Although most short stature results from defects outside the GH–IGF-1 system, treatment with recombinant GH is still somewhat effective in accelerating linear growth in many children with short stature. For example, GH treatment increases the linear growth rate of children with SHOX deficiency,142 Noonan syndrome143 and idiopathic short stature.144,145 Indeed, endogenous GH excess due to a pituitary adenoma can lead to remarkably tall stature in otherwise normal children.146 These findings indicate that the stimulatory effect of GH on growth plate chondrocyte proliferation and hypertrophy, which is partly mediated by increased levels of IGF-1,147,148,149 can, in many cases, nonspecifically accelerate linear growth and thereby partially compensate for unrelated molecular defects that affect the growth plate.

Conclusions

During the past 25 years, a prevalent conceptual framework for understanding short and tall stature was centred on the GH–IGF-1 axis. However, findings in basic molecular and cellular biology and in clinical genetics have uncovered a wide range of other regulatory systems that control skeletal growth and an accompanying vast array of genetic defects outside the GH–IGF-1 axis that can lead to disorders of linear growth. As a result, the traditional view of short or tall stature that is centred on the GH–IGF-1 axis is now far too narrow to encompass the ever-growing catalogue of defects that result in abnormal linear growth. A much broader conceptual framework can be based on the simple concept that linear growth disorders necessarily are due to dysfunction of the skeletal growth plate—the structure responsible for bone elongation and, therefore, overall body size. Consequently, short stature can be conceptualized as either a primary or secondary disorder of the growth plate chondrocytes. A related concept that has emerged in the past few years is that sequence variants in genes that affect growth plate function can produce a phenotypic spectrum that ranges from a severe skeletal dysplasia to disproportionate or proportionate short stature, to normal variation in height, to tall stature (Figure 3).

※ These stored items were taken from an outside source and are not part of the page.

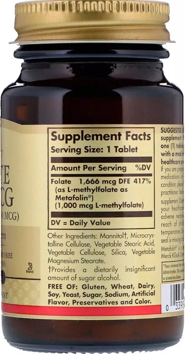 Фолат "Метафолин" Основным компонентном второго БАД Solgar является метилфолат кальция . Отвечает за формирование костей и комплексное укрепление кровеносной системы . Кальций в связке с B9 участвует в стабилизации сердцебиения, нервной системы . Метафолин подходит беременным, так как содержит двойную суточную дозу — 400 мкг .
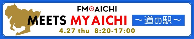 ■放送日時:2023年4月27日(木) 8:20~17:00■タイトル:「FM AICHI“MEETS MY AICHI”~道の駅~」■内容:当日、MORNING BREEZE、DAYDREAM MAGIC、AFTERNOON COLORSの3番組で「道の駅」をピックアップします。GW直前、道の駅の注目のグルメや施設の最新情報など、とっておきの情報で道の駅の魅力をお届けしていきます。【各ワイド番組取材先】・「MORNING BREEZE」(8:20~10:50) / 瀬戸しなの(瀬戸市)、どんぐりの里いなぶ(豊田市)・「DAYDREAM MAGIC」(11:30~14:30) / 田原めっくんはうす(田原市)、藤川宿(岡崎市)・「AFTERNOON COLORS」(14:30~17:00) / にしお岡ノ山(西尾市)、もっくる新城(新城市)
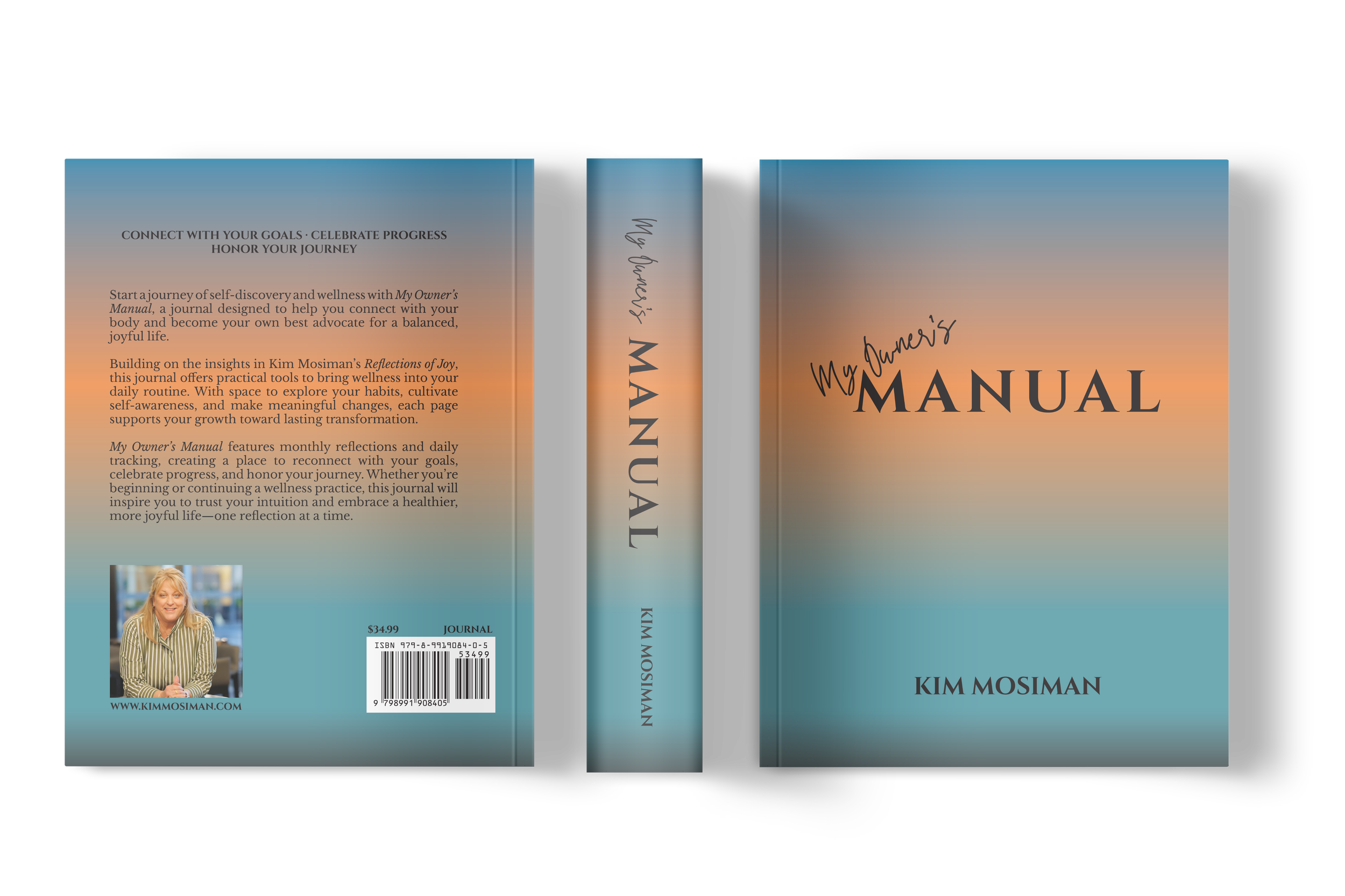 I collaborated with Kim on designing her journal, My Owner's Manual. The cover was made to match the color scheme of her published book. The interior has planning pages for daily and monthly logging.
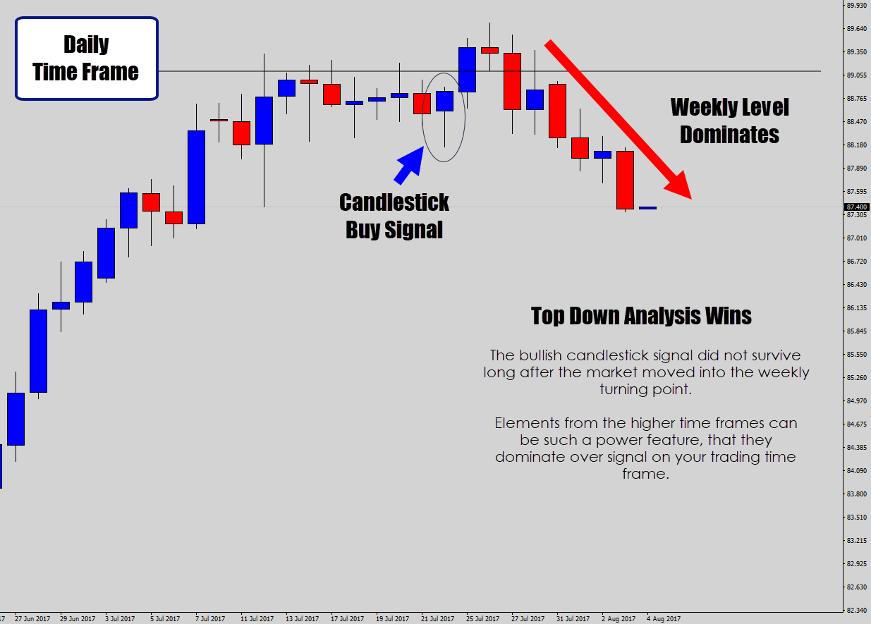 Above: A classic scenario where the higher time frame analysis overpowers the single value of a candlestick trade signal on the trading time frame.
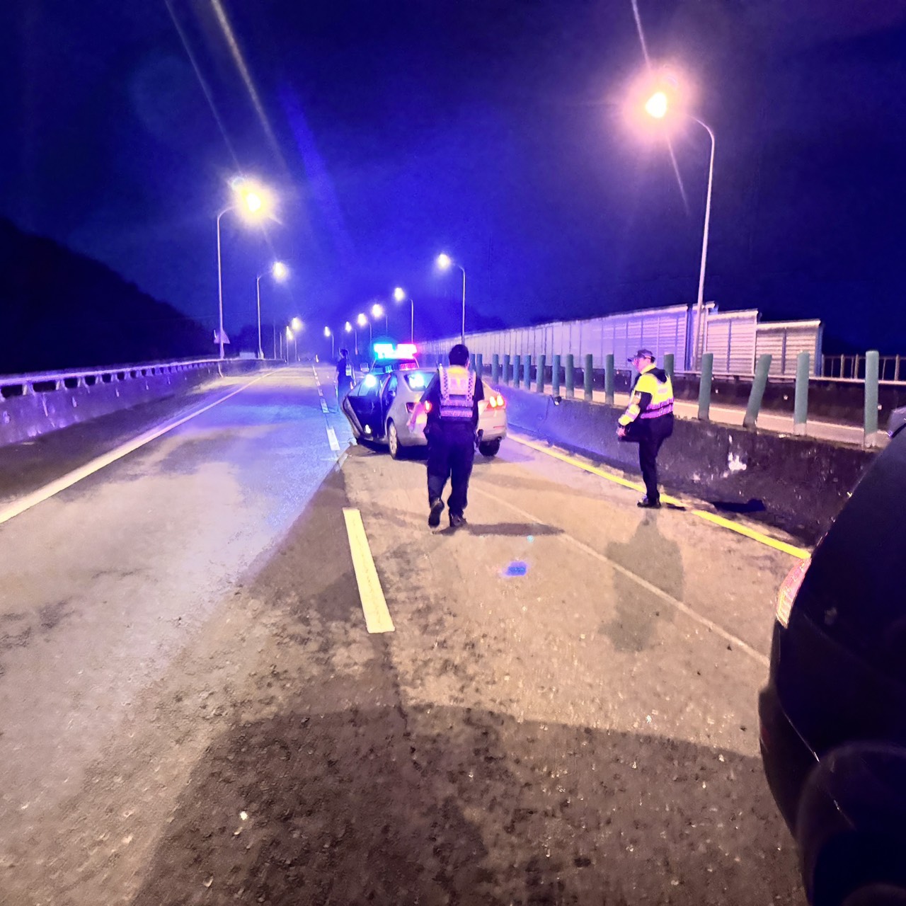 員警抵達車禍現場調查處理。翻攝畫面
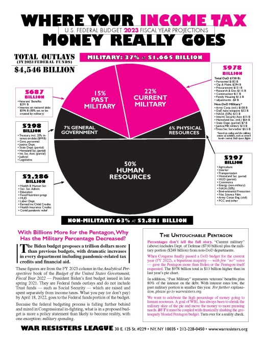 “Where Your Income Tax Money Really Goes” — War Resisters League pie chart, https://www.warresisters.org/resources/wrl-pie-chart-flyers-where-your-income-tax-money-really-goes
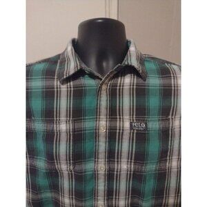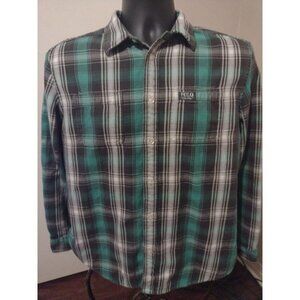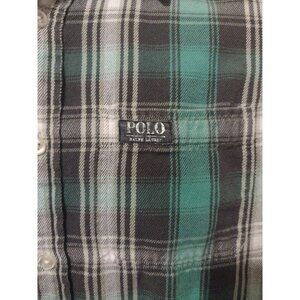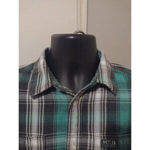 Polo Ralph Lauren Long Sleeve Flannel Shirt True Size Is Men's Medium M Green Gray
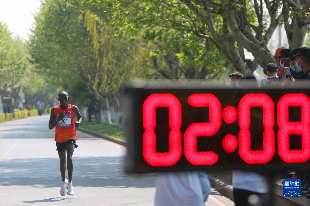 3月26日,埃塞俄比亚选手洪德在比赛中冲刺。他以2小时19分的成绩获得男子全程马拉松季军。新华社记者 胡超 摄
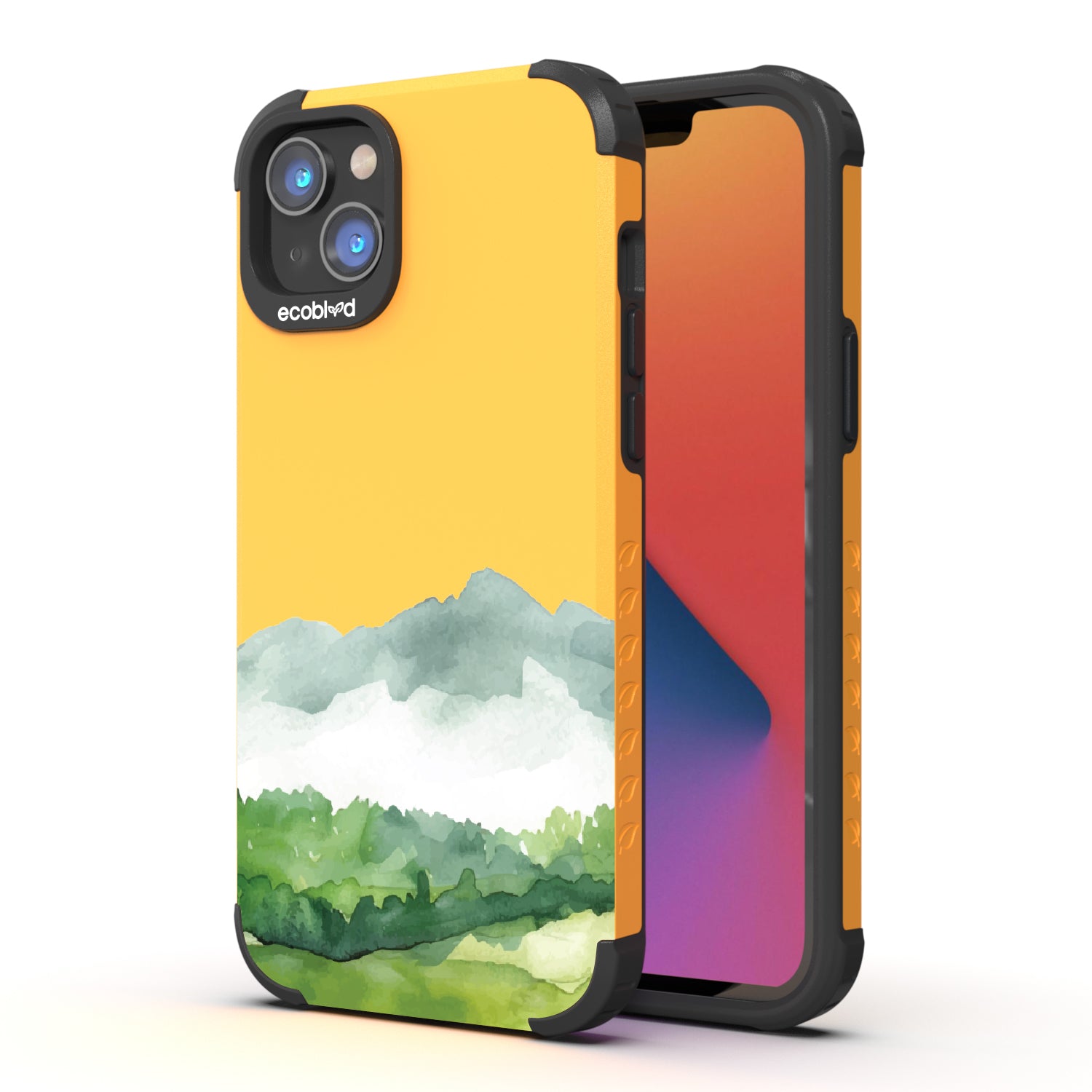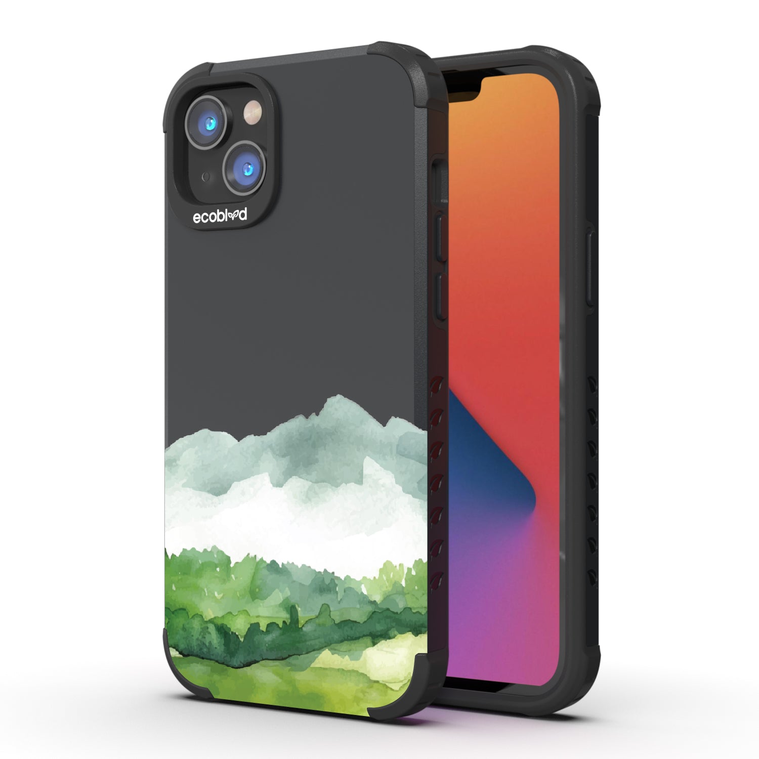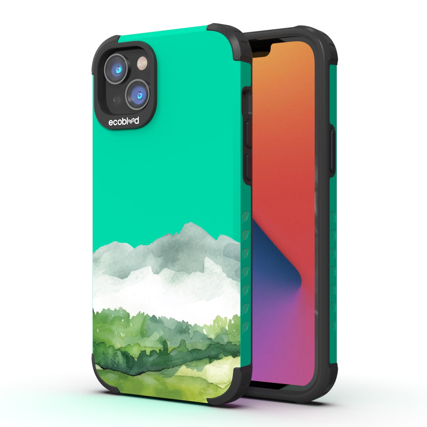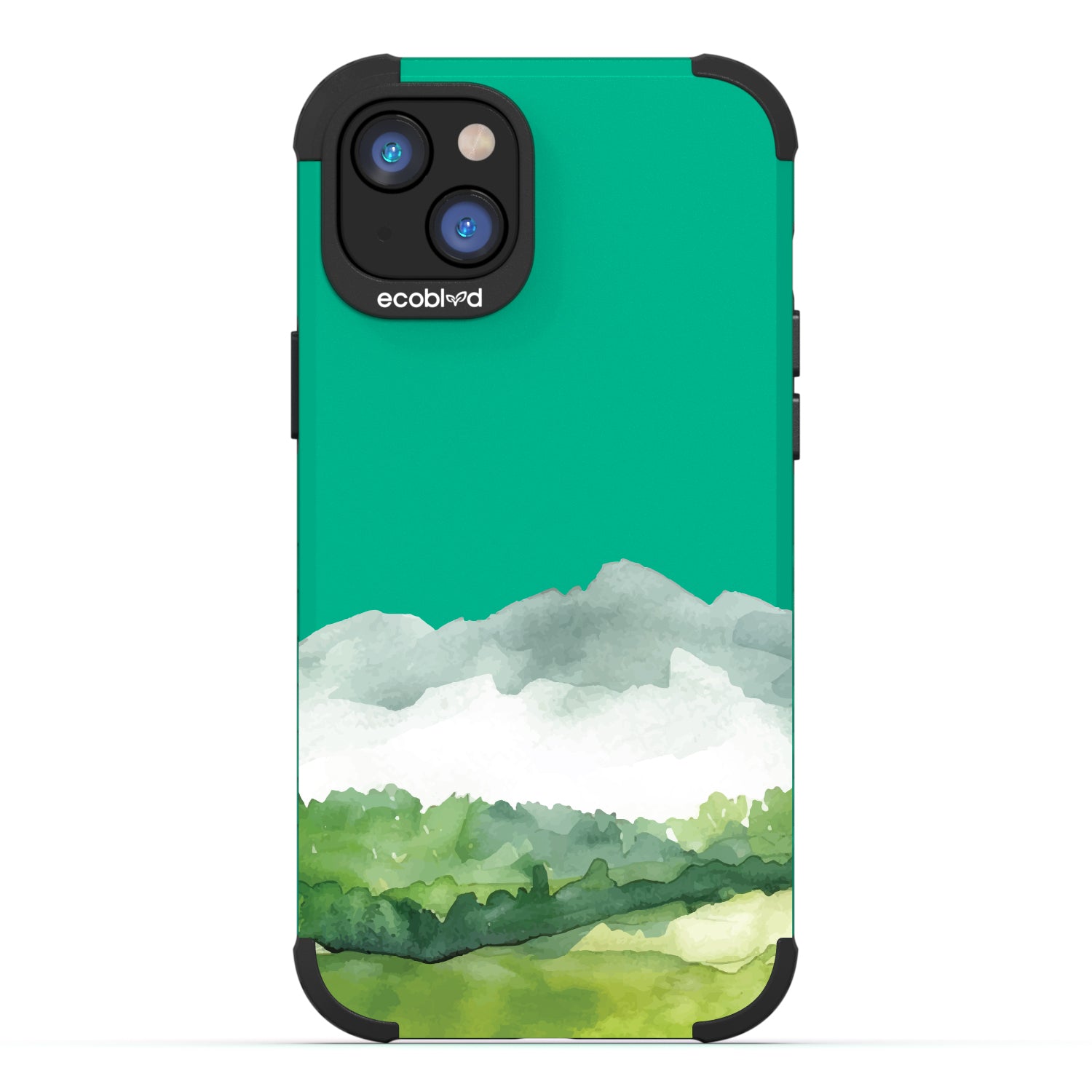 The view is endless, just like the possibilities. The Open Horizon design on our Mojave rugged and compostable iPhone 14 Plus case layers soft washes of green and misty blue, stretching like rolling hills beneath an open sky. The watercolor effect creates a serene, boundless landscape, a quiet reminder that there’s always more to explore.
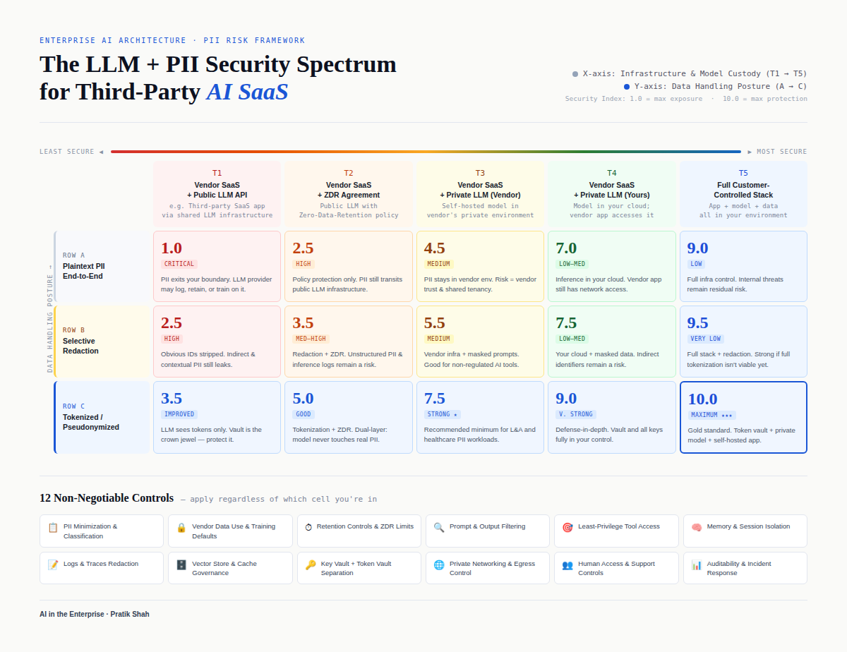 What I’m sharing here is the result so far: a practical security spectrum and matrix that helps structure the conversation around LLMs, PII, and third-party AI SaaS in regulated enterprise environments.
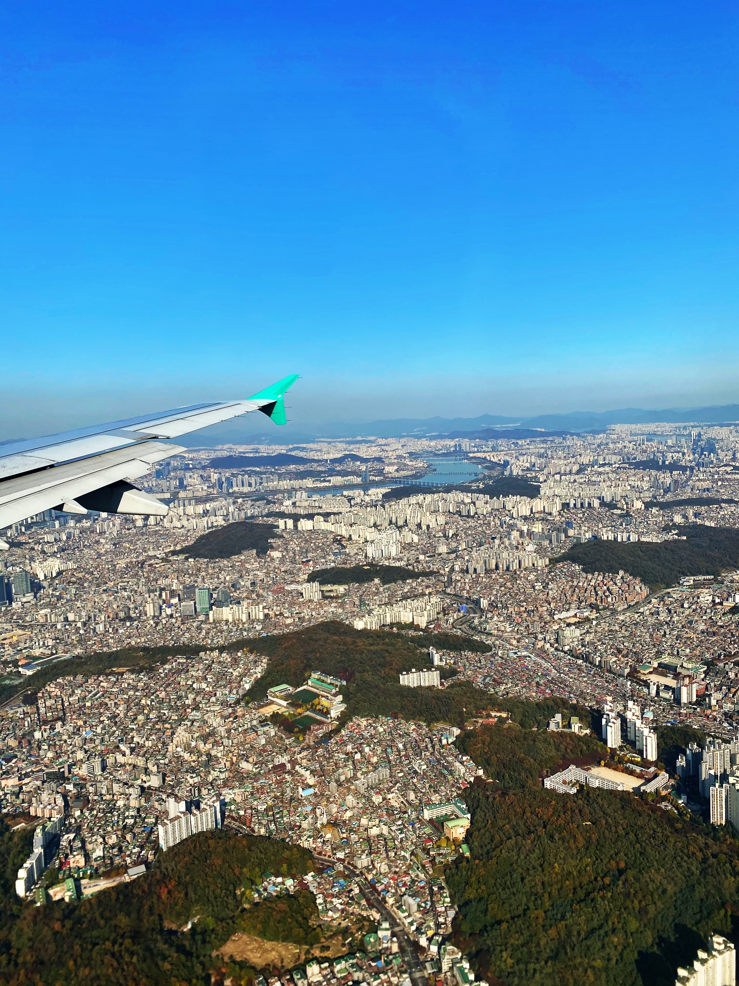 용인정도 오니 곧 우리 비행기는 착륙 할 예정이라는 안내방송이 나옵니다. 위 사진은 용인시 수지구 상공을 지나며 촬영한 사진입니다. 뭐 바로 아래 보이는 곳이 흔히 수지라 부르는 풍덕천동 일원이고, 우측 위로 보이는 곳이 죽전입니다. 쭉 뻗은 도로는 경부고속도로입니다. 차를 타고 가면 그래도 한참 가는 거리인데 사진 좌측으로 서울톨게이트가 보이고 분당신도시가 펼쳐져 있습니다.

High-throughput sequencing approaches will probably continue to expand the list of genetic defects that are associated with growth plate dysfunction and disorders of linear growth. The clinical application of these broad sequencing approaches will enable physicians to identify the aetiology of growth failure from among the myriad possibilities. We can, therefore, anticipate that the number of children who receive the unhelpful diagnosis of idiopathic short stature will continue to diminish. With these advances, we can look forward to treatment approaches that are tailored to the specific genetic cause of the disorder.